Historical and Forecasted Changes in Utilization of Same-day Discharge after Minimally Invasive Hysterectomy

Douglas Luchristt*, Kimberly S. Kenton, C. Emi Bretschneider

*Corresponding author for this work

Research output: Contribution to journalArticlepeer-review

9 Scopus citations

Abstract

Study Objectives: To describe changes in length of stay and same-day discharges (SDDs) after minimally invasive hysterectomy (MIH) over the last decade and forecast anticipated utilization over the subsequent decade. Design: Cross-sectional analysis. Setting: American College of Surgeons National Surgical Quality Improvement Program database. Patients: All benign MIH excluding joint cases with concomitant nongynecologic surgery in the 2011 to 2019 National Surgical Quality Improvement Program datasets, identified by Current Procedural Terminology code.

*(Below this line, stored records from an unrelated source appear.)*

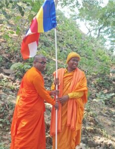 स्तूप पर फहराया गया पंचशील ध्वज
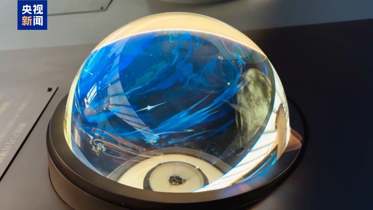 “九天揽胜”展区陈列了人类历史上首次采集的月壤样本,顶部以中国敦煌飞天图像再现悠久的美学传统。在古今交汇的语境中,生动诠释了“千古飞天梦,今日上九天”的宏大主题。
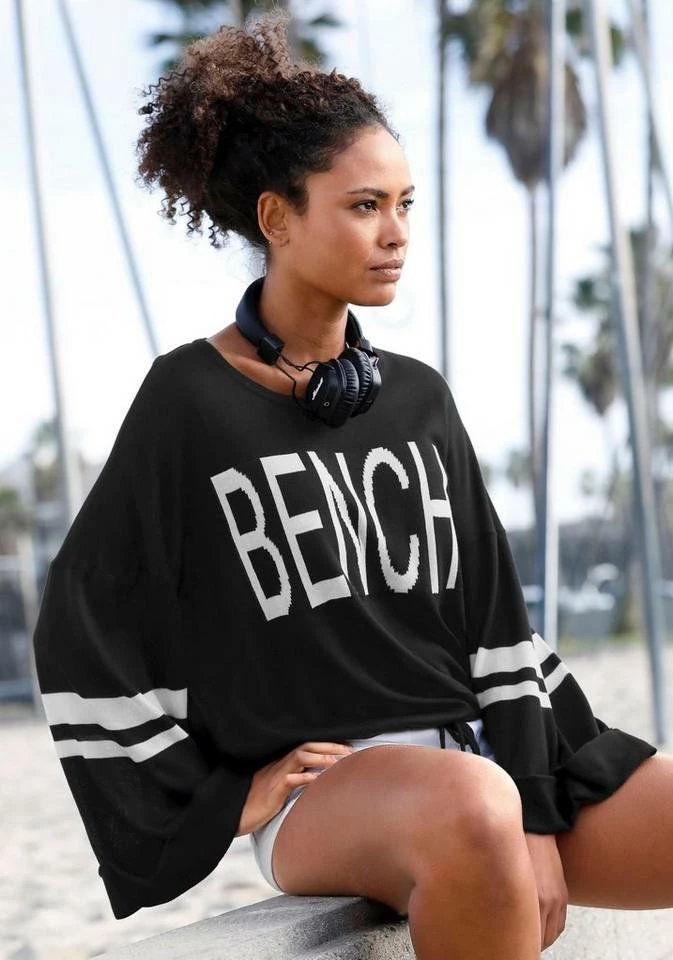 Du bist auf der Suche nach deinem neuen Lieblingspulli? Ein ganz heißer Kandidat für diesen Posten ist der Pullover von Bench. Die lässig überschnittenen Schultern mit dem niedrigen Ärmelansatz machen deutlich in welche Richtung sich das Design des Rundhalspullovers bewegt – nämlich in die Oversizeform. Der legere Look wird von einem großen Logoprint und coolen Streifen auf den Ärmeln aufgegriffen, am Saum befindet sich ein praktischer Tunnelzug. Der weiche Feinstrick rundet den Pulli gekonnt ab. Mit klassischen Jeans, bequemen Sneakers und dem Pullover von Bench gelingt dir ein authentischer Urban-Look.
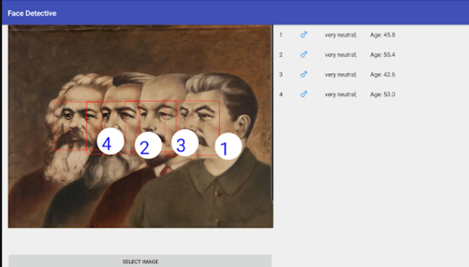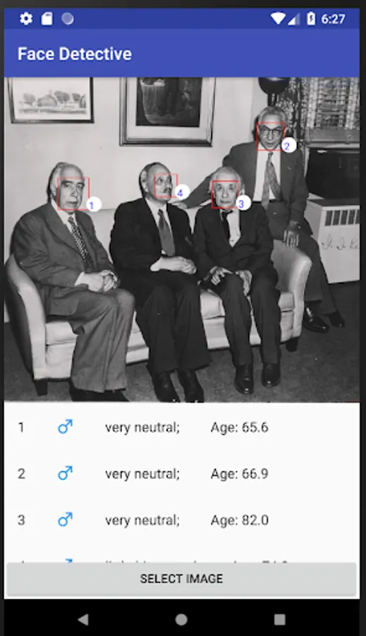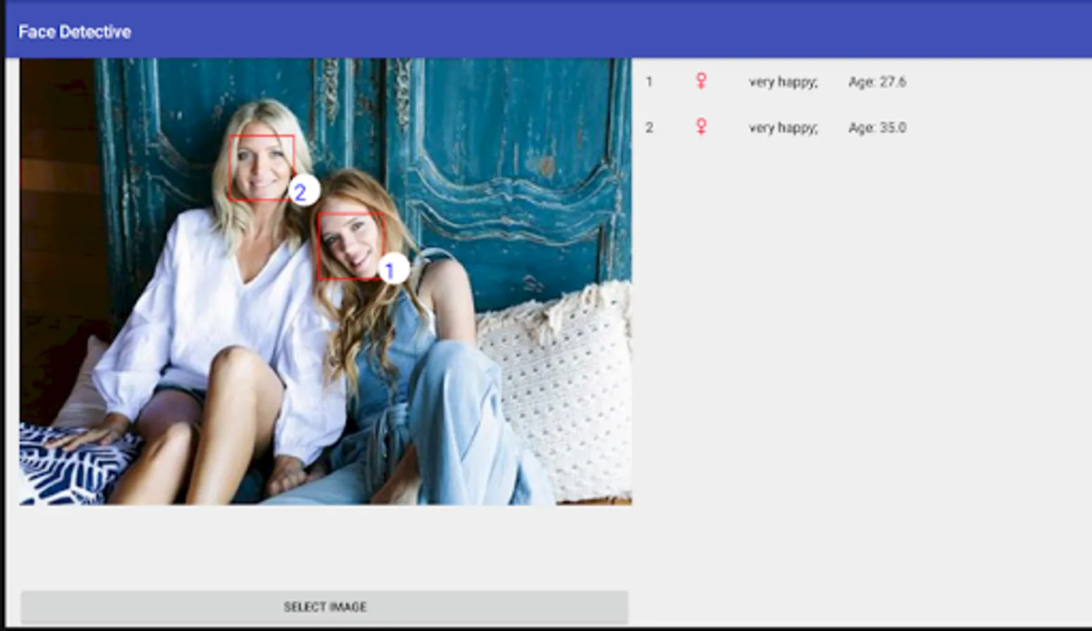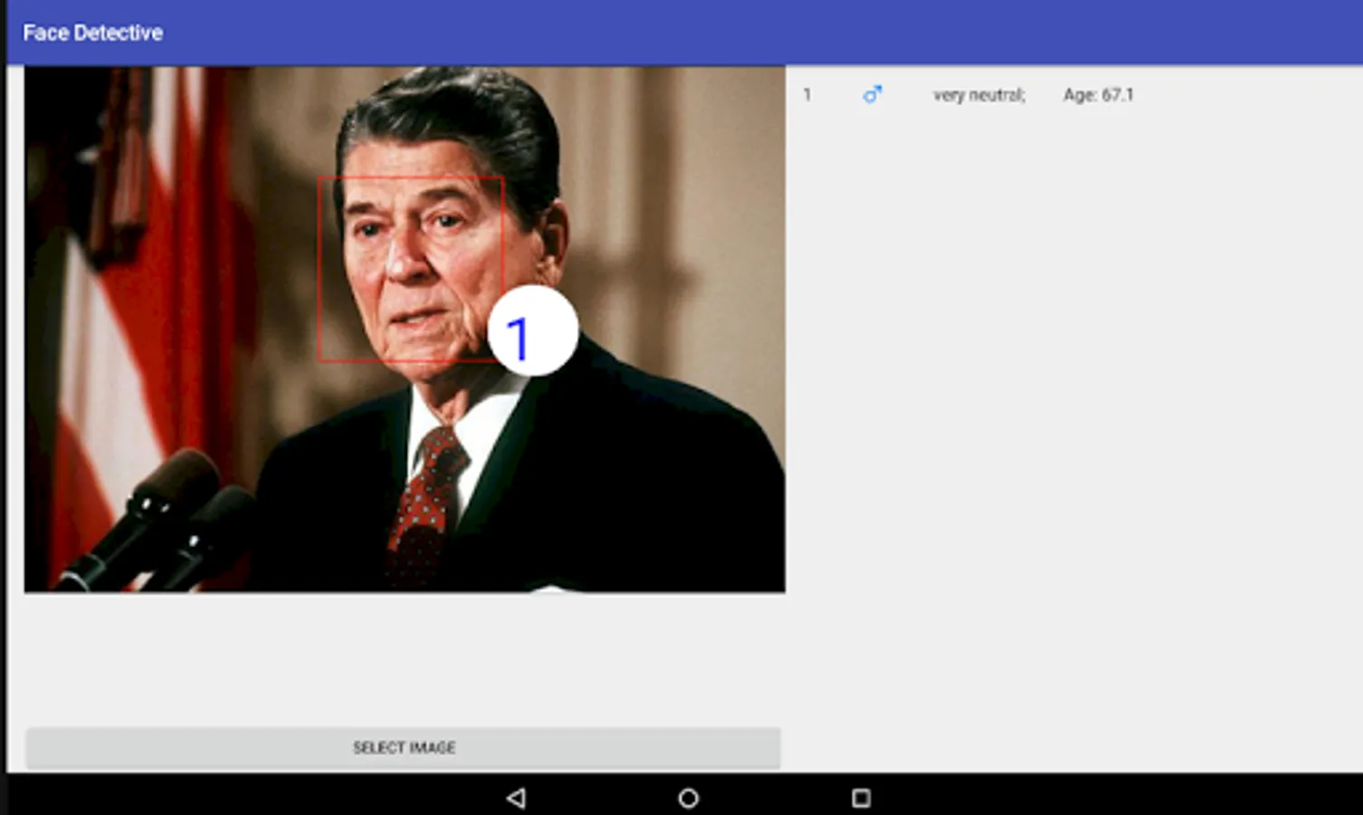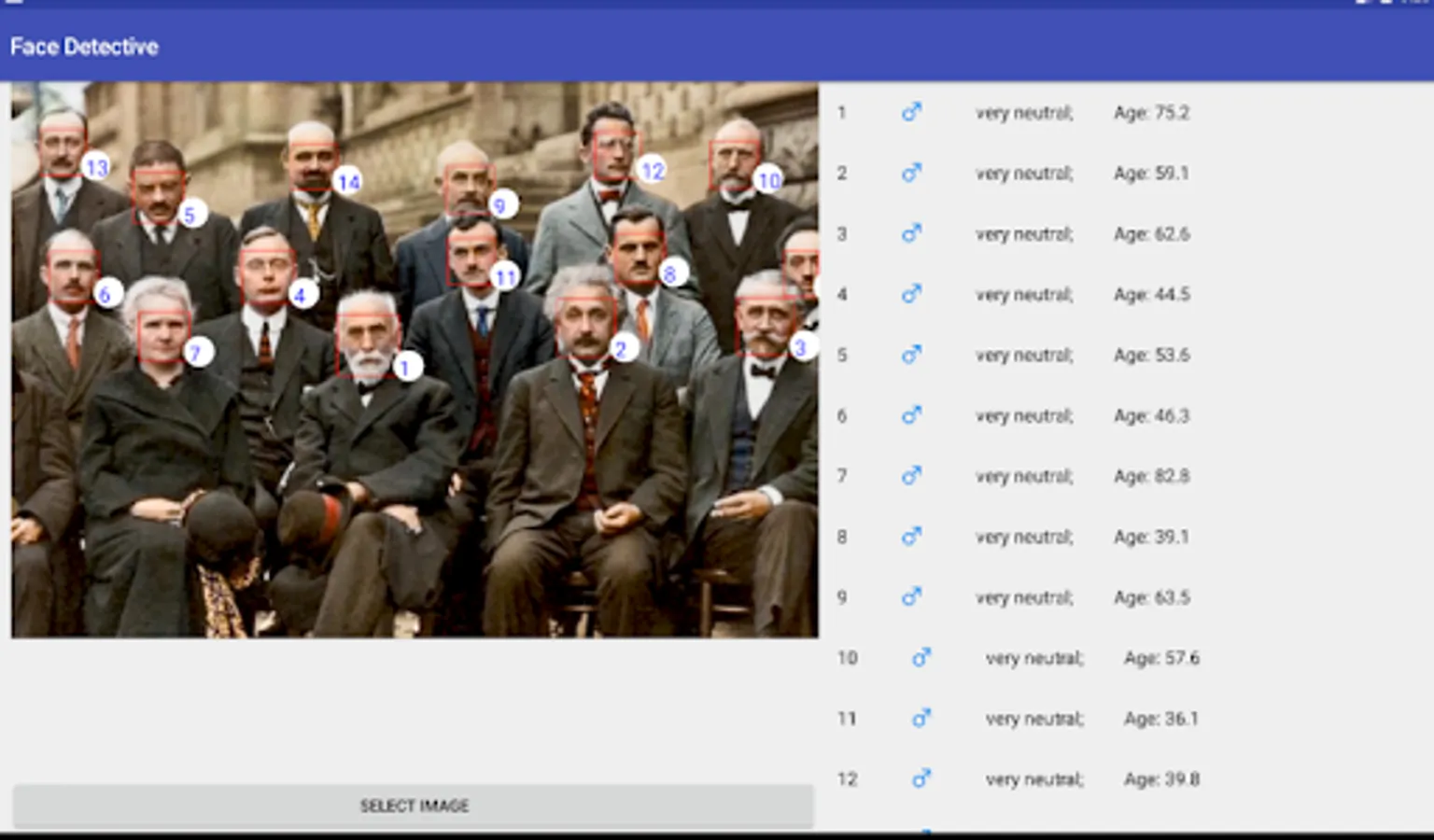 The App will detect faces in existed camera image or you can make new picture with your camera. The image will be processed using artificial intelligence and recognize persons age, gender, emotion, facial expressions like happiness, contempt, neutrality. The recognized age is not the person's real age, but how the person look like in that moment of time. You can try the detection with the same person but in different situations - smile, sad,...
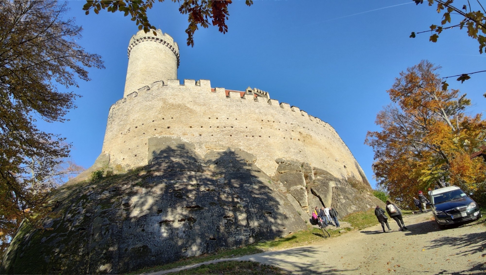 Domlouváme se snadno, kupodivu přes příjemné slunné počasí mají volno. Zbývá mi poslední část cesty dlouhé přes 40 km. Kokořínským dolem jedu do Podhradí, abych serpentinami vystoupal na náhorní plošinu k obci Kokořín. Jelikož budu stejně na kluky čekat, od skočím si k hradu. Věnuji se focení, prohlídce nadvoří a okolí hradu. Výhled z věže si ještě dobře pamatuji. Není to tak dlouho, co jsme zde ukončili letní dovolenou v Máchově kraji, a dnes ho oželím.
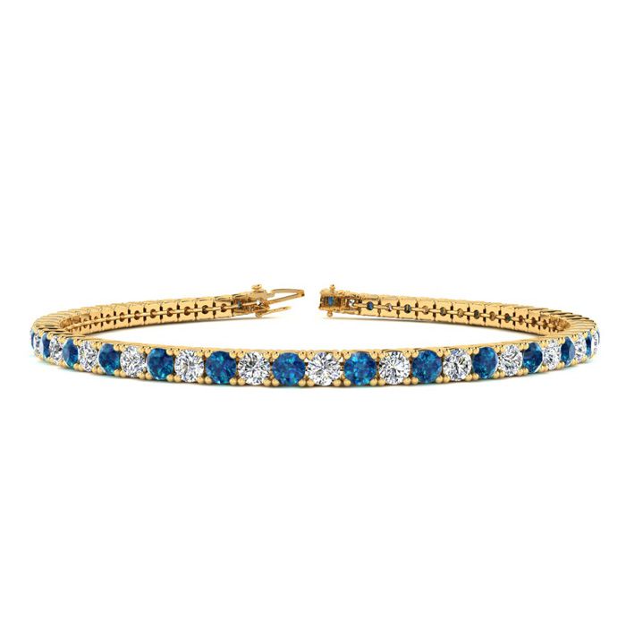 This classic gemstone bracelet features shimmering white diamonds in J-K color, I1-I2 clarity and blue diamonds in I3 clarity. The 6 inch bracelet contains 57 blue and white diamonds at 2.28 carats. The 6.5 inch bracelet contains 62 blue and white diamonds at 2.48 carats. The 7 inch bracelet contains 67 blue and white diamonds at 2.68 carats. The 7.5 inch bracelet contains 72 blue and white diamonds at 2.88 carats. The 8 inch bracelet contains 76 blue and white diamonds at 3.04 carats. The 8.5 inch bracelet contains 81 blue and white diamonds at 3.24 carats. The 9 inch bracelet contains 86 blue and white diamonds at 3.44 carats. This bracelet is approximately 2.25mm wide and is crafted in 14 karat yellow gold. This bracelet has a secure, box with tongue and safety clasp.
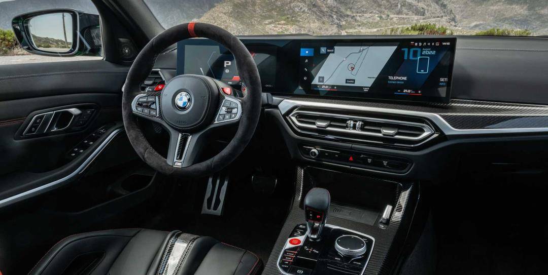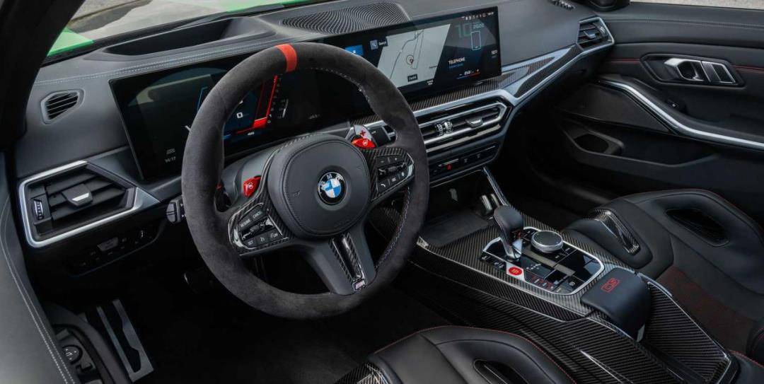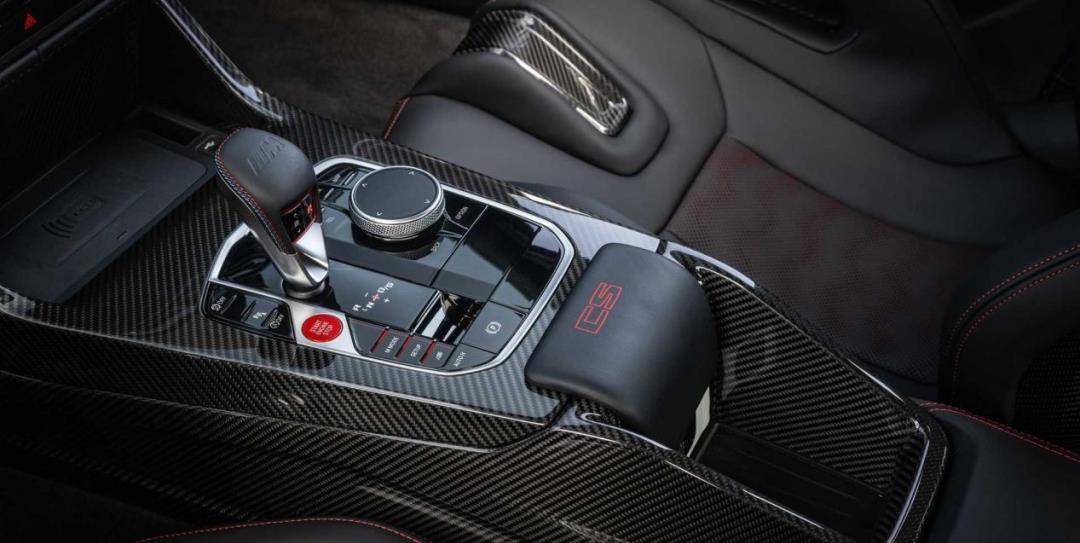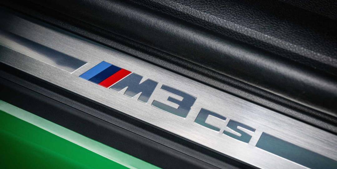 BMW M GmbH三色条纹M安全带、带有“M3 CS”字样的门槛条、碳纤维内饰条以及碳纤维换档拨片和红色回正标的M Alcantara方向盘。

Interventions: A descriptive analysis of changes in the estimated length of stay and utilization of SDD from 2011 to 2019. Multivariable negative binomial regression assessed for individual-level risk factors for prolonged hospital stay and autoregressive linear forecasting estimated the growth of SDD through 2029. Measurements and Main Results: A total of 239 220 MIH were identified. Over the 9-year period, SDD increased by 10.7% across all MIH. However, in 2019, SDD represented only 29.8% of total MIH discharges and utilization varied by surgical approach (laparoscopic hysterectomy, 35.4%; vaginal hysterectomy, 18.6%; laparoscopic-assisted vaginal hysterectomy, 19.6%) and a surgical indication of pelvic organ prolapse (32.7% without and 13.9% with prolapse). Multivariable models controlling for patient characteristics showed independent associations of route and indication for MIH and length of stay (adjusted relative rate, 1.30; 95% confidence interval [CI], 1.29–1.32 for vaginal hysterectomy, and adjusted relative rate, 1.12; 95% CI, 1.11–1.14 for prolapse); however, these individual-level factors provided limited information explaining variation in the length of stay (model pseudo-R2, 0.054). Forecasting models suggest that utilization of SDD will grow to 48.5% (95% CI, 38.7–58.4) by the end of 2029. Conclusion: Although the estimated length of stay is decreasing among MIH over time, the utilization of SDD remained low in 2019 and was not explained by patient factors. If current trends hold, SDD utilization is not forecast to exceed 50% through 2029. Additional efforts focused on the provider and institution level are needed to encourage SDD as the standard of care for MIH.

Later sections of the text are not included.